Quote exactly and only this range of lines in the data below: the line that holds "Beautifully maintained and" to the line that holds "(วันพุธ)เหรียญพระปางอุ้มบาตร หลวงพ่อจาด วัดบางกระเบา", both included.

RECORDS FOR THE EXERCISE Block Start

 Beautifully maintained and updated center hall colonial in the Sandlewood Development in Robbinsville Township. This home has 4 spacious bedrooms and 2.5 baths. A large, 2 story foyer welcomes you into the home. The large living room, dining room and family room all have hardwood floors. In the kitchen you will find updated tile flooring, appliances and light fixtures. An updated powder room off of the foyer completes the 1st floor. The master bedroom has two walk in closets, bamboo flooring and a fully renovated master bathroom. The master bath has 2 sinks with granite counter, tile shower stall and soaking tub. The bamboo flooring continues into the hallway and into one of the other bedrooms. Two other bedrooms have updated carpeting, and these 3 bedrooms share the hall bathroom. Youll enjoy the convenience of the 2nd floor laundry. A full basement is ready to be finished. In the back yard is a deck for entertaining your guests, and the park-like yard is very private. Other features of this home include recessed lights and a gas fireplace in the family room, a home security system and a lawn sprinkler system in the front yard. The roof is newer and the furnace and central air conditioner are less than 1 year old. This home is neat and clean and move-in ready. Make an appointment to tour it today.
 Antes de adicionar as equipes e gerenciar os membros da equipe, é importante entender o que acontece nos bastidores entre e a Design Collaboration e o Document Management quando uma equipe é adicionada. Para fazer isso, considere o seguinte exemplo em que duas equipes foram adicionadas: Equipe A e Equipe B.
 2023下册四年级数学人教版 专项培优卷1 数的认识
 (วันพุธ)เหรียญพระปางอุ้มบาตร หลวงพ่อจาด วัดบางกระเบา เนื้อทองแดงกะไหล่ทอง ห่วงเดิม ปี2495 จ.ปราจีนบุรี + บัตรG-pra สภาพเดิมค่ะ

RECORDS FOR THE EXERCISE Block End
RECORDS FOR THE EXERCISE Block Start

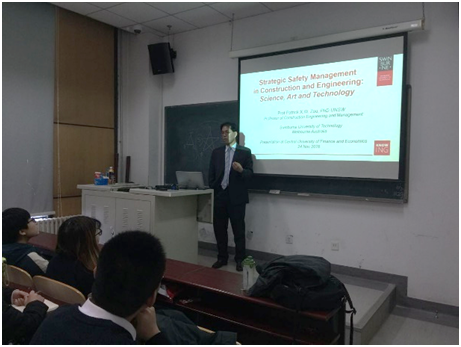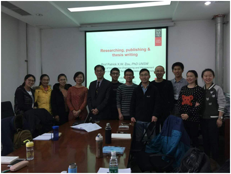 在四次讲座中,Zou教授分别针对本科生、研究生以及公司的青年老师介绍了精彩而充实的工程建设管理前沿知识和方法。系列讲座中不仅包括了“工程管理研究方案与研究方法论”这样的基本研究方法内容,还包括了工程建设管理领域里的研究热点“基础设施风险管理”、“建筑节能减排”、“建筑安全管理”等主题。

RECORDS FOR THE EXERCISE Block End

# RESULT BELOW:
 Beautifully maintained and updated center hall colonial in the Sandlewood Development in Robbinsville Township. This home has 4 spacious bedrooms and 2.5 baths. A large, 2 story foyer welcomes you into the home. The large living room, dining room and family room all have hardwood floors. In the kitchen you will find updated tile flooring, appliances and light fixtures. An updated powder room off of the foyer completes the 1st floor. The master bedroom has two walk in closets, bamboo flooring and a fully renovated master bathroom. The master bath has 2 sinks with granite counter, tile shower stall and soaking tub. The bamboo flooring continues into the hallway and into one of the other bedrooms. Two other bedrooms have updated carpeting, and these 3 bedrooms share the hall bathroom. Youll enjoy the convenience of the 2nd floor laundry. A full basement is ready to be finished. In the back yard is a deck for entertaining your guests, and the park-like yard is very private. Other features of this home include recessed lights and a gas fireplace in the family room, a home security system and a lawn sprinkler system in the front yard. The roof is newer and the furnace and central air conditioner are less than 1 year old. This home is neat and clean and move-in ready. Make an appointment to tour it today.
 Antes de adicionar as equipes e gerenciar os membros da equipe, é importante entender o que acontece nos bastidores entre e a Design Collaboration e o Document Management quando uma equipe é adicionada. Para fazer isso, considere o seguinte exemplo em que duas equipes foram adicionadas: Equipe A e Equipe B.
 2023下册四年级数学人教版 专项培优卷1 数的认识
 (วันพุธ)เหรียญพระปางอุ้มบาตร หลวงพ่อจาด วัดบางกระเบา เนื้อทองแดงกะไหล่ทอง ห่วงเดิม ปี2495 จ.ปราจีนบุรี + บัตรG-pra สภาพเดิมค่ะ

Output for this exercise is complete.